── Supplied data

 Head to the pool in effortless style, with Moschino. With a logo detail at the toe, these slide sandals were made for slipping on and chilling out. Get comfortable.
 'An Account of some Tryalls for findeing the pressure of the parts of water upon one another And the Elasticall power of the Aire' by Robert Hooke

────
── Supplied data

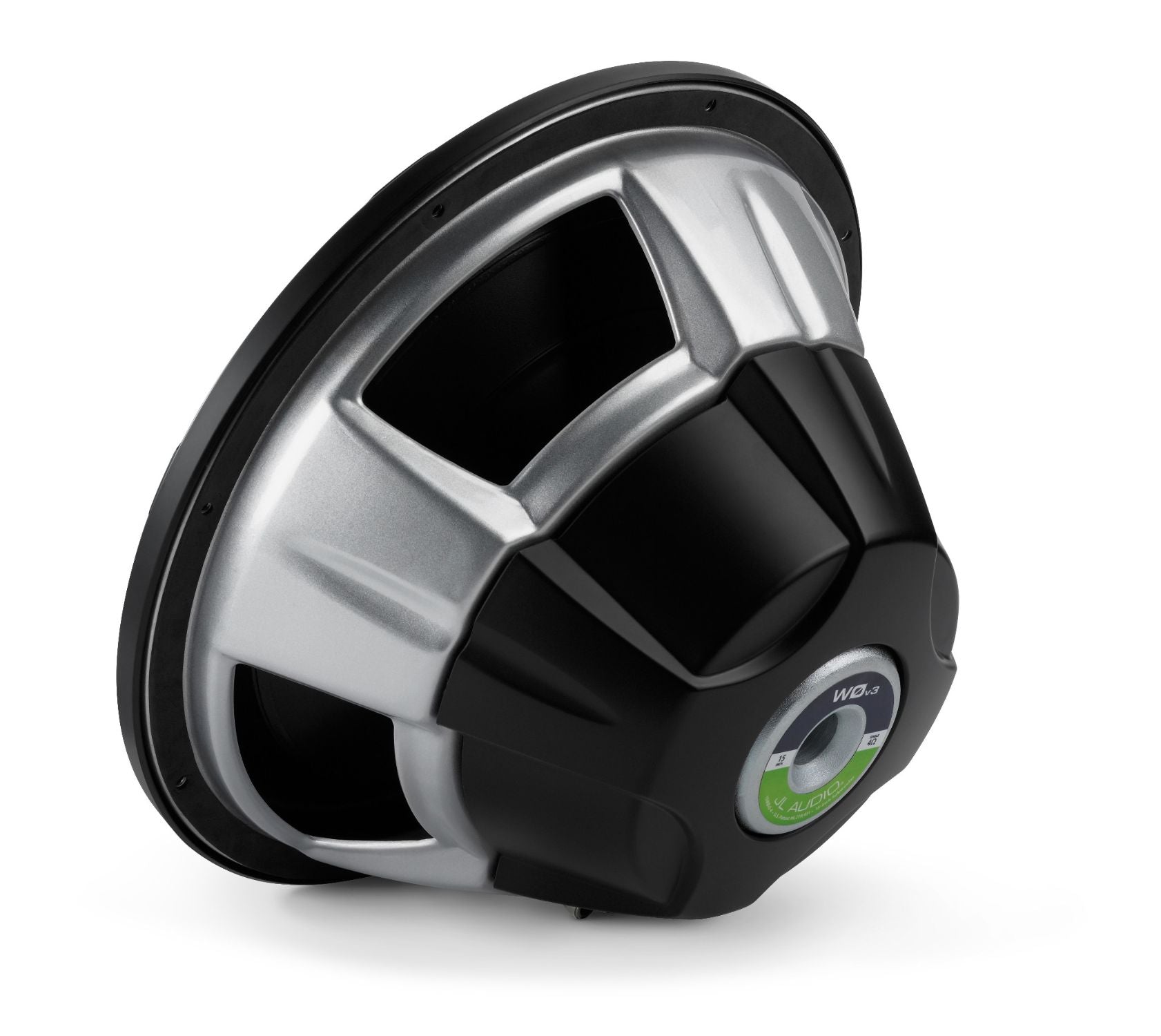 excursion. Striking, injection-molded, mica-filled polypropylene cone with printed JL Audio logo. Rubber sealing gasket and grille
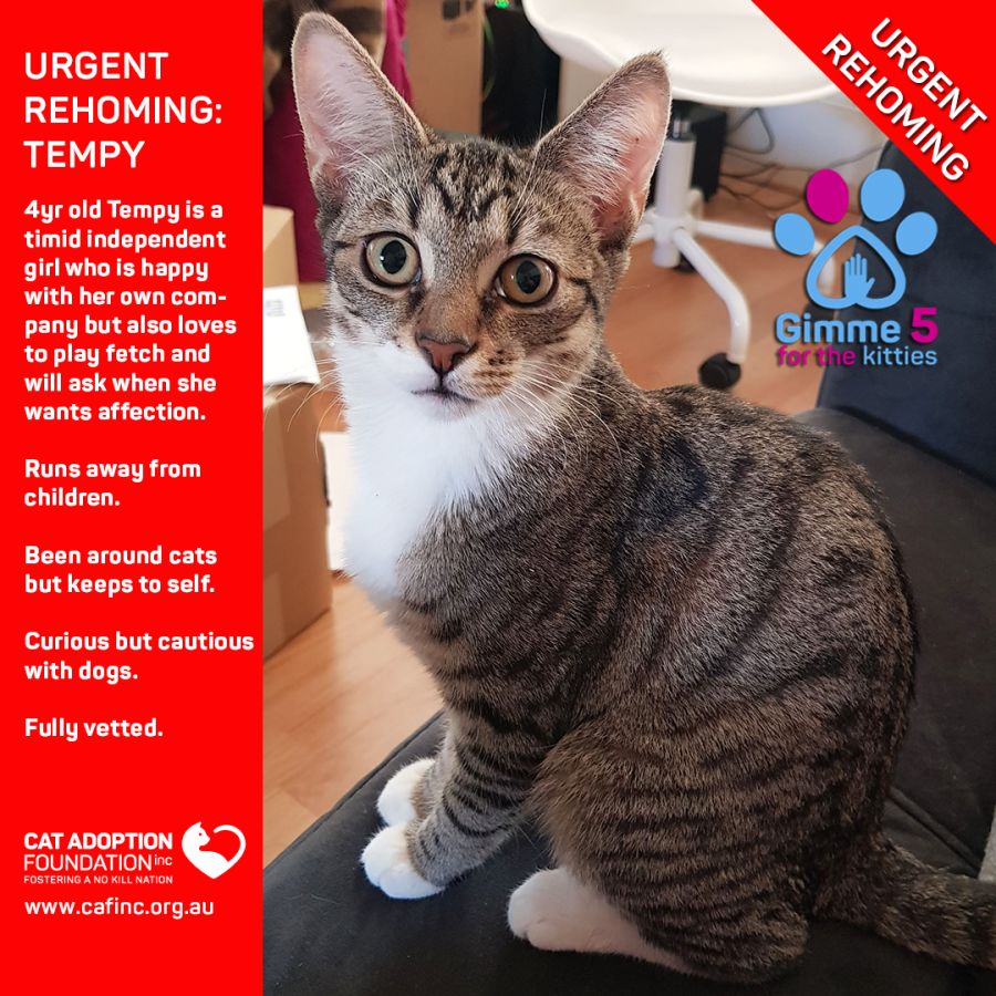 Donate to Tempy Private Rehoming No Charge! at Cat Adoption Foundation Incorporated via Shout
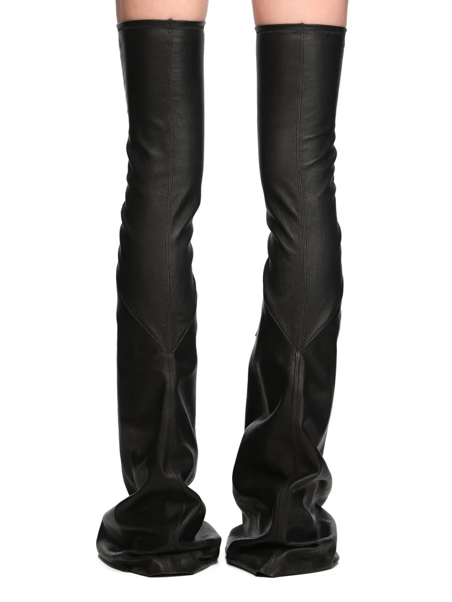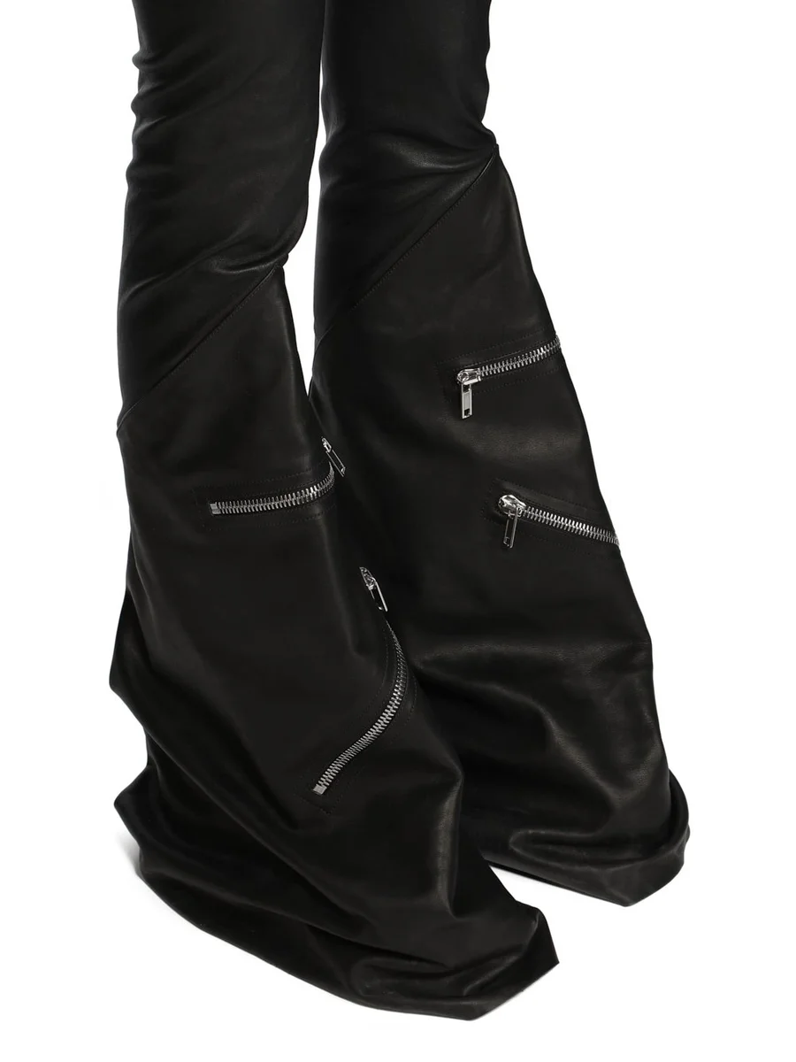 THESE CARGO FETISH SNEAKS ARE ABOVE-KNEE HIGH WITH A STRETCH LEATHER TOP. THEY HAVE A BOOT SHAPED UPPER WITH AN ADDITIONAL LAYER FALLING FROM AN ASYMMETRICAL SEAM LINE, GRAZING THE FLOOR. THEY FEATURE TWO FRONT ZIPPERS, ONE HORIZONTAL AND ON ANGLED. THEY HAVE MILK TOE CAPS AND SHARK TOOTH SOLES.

────

#### Exercise aim:
The output should be exactly the lines above from the line containing "Head to the" to the line containing "by Robert Hooke", inclusive, with no other lines.

#### Exercise result:
 Head to the pool in effortless style, with Moschino. With a logo detail at the toe, these slide sandals were made for slipping on and chilling out. Get comfortable.
 'An Account of some Tryalls for findeing the pressure of the parts of water upon one another And the Elasticall power of the Aire' by Robert Hooke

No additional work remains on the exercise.